I am facing some problems in using Python 3.7 with spark-submit command.
I have both Python2.7 and Python 3.7 and I create a virtualenv in order to invoke Python3.7 as interpreter. When I test my code, I simply do "spark-submit mycode.py" but I get the following error:
SPARK_MAJOR_VERSION is set to 2, using Spark2 File “/usr/bin/hdp-select”, line 226 print “ERROR: Invalid package – “ + name ^ SyntaxError: Missing parentheses in call to ‘print’. Did you mean print(“ERROR: Invalid package – “ + name)? ls: cannot access /usr/hdp//adoop/lib: No such file or directory Exception in thread “main” java.lang.IllegalStateException: hdp.version is not set while running Spark under HDP, please set through HDP_VERSION in spark-env.sh or add a java-opts file in conf with -Dhdp.version=xxx at org.apache.spark.launcher.Main.main(Main.java:118)
I have already tried to set using --conf options the hdp version when calling spark-submit but it did not work.
spark-submit --conf "spark.driver.extraJavaOptions -Dhdp.version=18.104.22.168-8" --conf "spark.yarn.am.extraJavaOptions -Dhdp.version=22.214.171.124-8" --conf "spark.pyspark.python=/usr/local/bin/python3.7" --conf "spark.pyspark.driver.python=/usr/local/bin/python3.7" test2.py
If I try to execute the test code outside the virtualenv (with Python 2), it works properly.

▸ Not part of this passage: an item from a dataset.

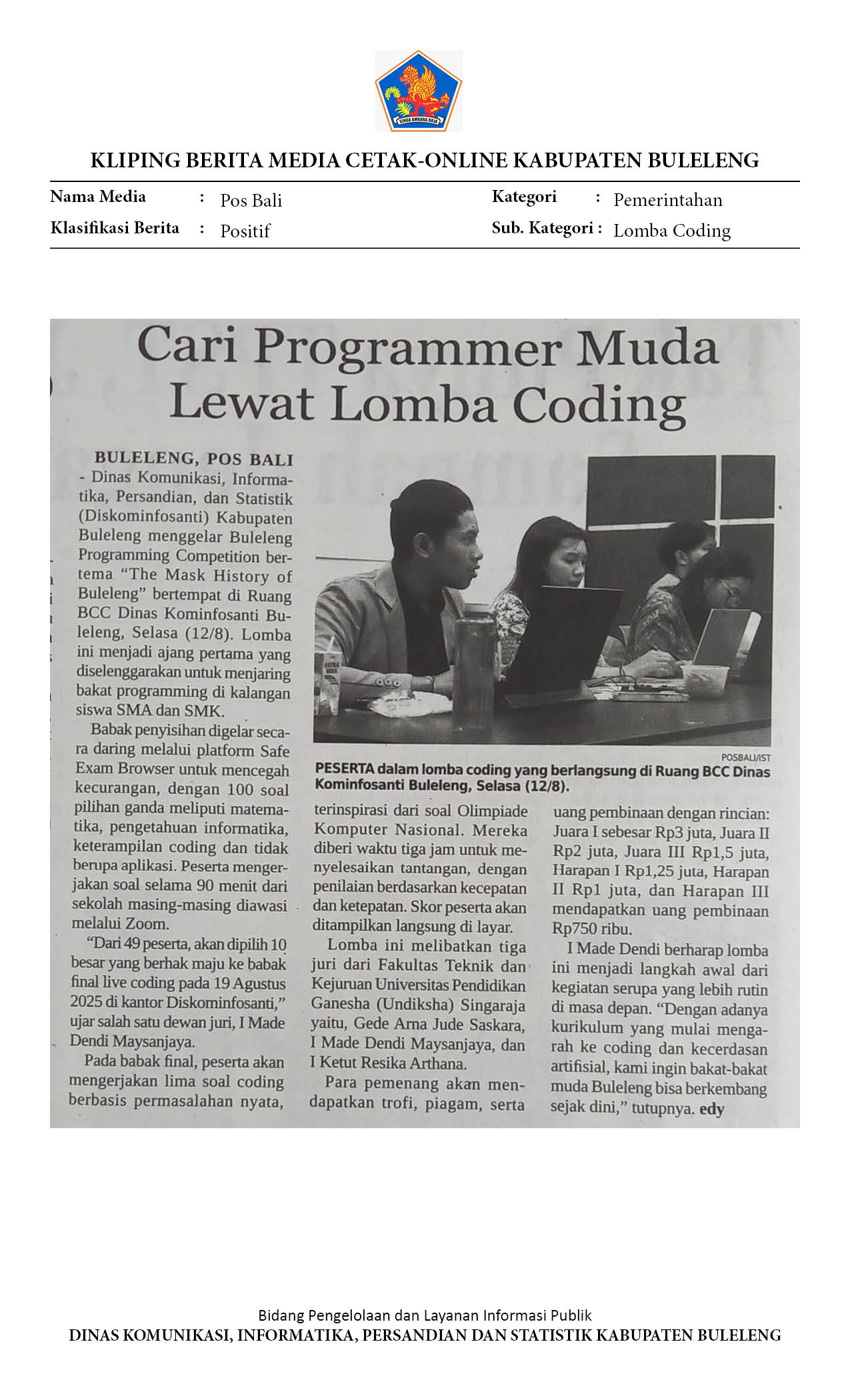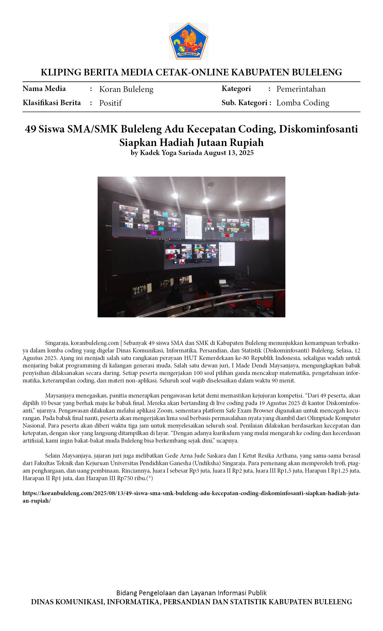 49 SISWA SMA/SMK BULELENG ADU KECEPATAN CODING, DISKOMINFOSANTI SIAPKAN HADIAH JUTAAN RUPIAH

I hope to figure out the problem..
I'm running RHEL and ran into similar problems due to the fun configuration of Python2 and 3 and SCL on RedHat.

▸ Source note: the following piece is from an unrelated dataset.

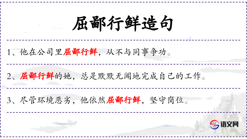 - 谓语:屈鄙行鲜,默默奉献

The root cause is the /usr/bin/hdp-select script was written to be Python2 compatible.
The differences between Python2 and 3 are causing these issues, the script is unfortunately not compatible with both versions.
To resolve, we had to modify the hdp-select script to be compatible with both versions.
I would attach mine but it might break your environment as there is a lot of hardcoded values such as your HDP component versions. So you'll need to do these steps manually.
1. Make a backup of the file.
sudo cp -p /usr/bin/hdp-select /usr/bin/hdp-select_original
2. As root, edit the file.
3. Add parenthesis around all print statements. Example below. Change all occurrences from:
print "a", "b", var, 123
print ("a","b", var, 123)
Be careful of multi-line print statements, ending with \, or using multi-line strings. Recommend editing in a text editor that supports syntax highlighting to avoid any issues.
Also be aware that Python is sensitive to indentation so you don't want to change any spaces / tabs at the start of a line.
4. Change os.mkdir from:
5. Comment out the packages.sorted()
(There are online tools for converting code from Python2 to 3 but they miss some of the above steps.)
6. Save and close the file
7. Test that hdp-select still works from shell. If so, you should be able to run spark-submit without issue.
A word of caution:
While these changes should be backwards compatible with Python 2, I am not sure what the longer-term impacts of these changes are, it may cause problems with other HDP components (though it seems highly unlikely).
Making changes to scripts outside of Ambari has other risks - Ambari or some other installation or upgrade process might replace the script with the one from your HDP software bundle, so your spark-submit could stop working if/when that happens.
I would file a bug report but we don't have Cloudera support at this time.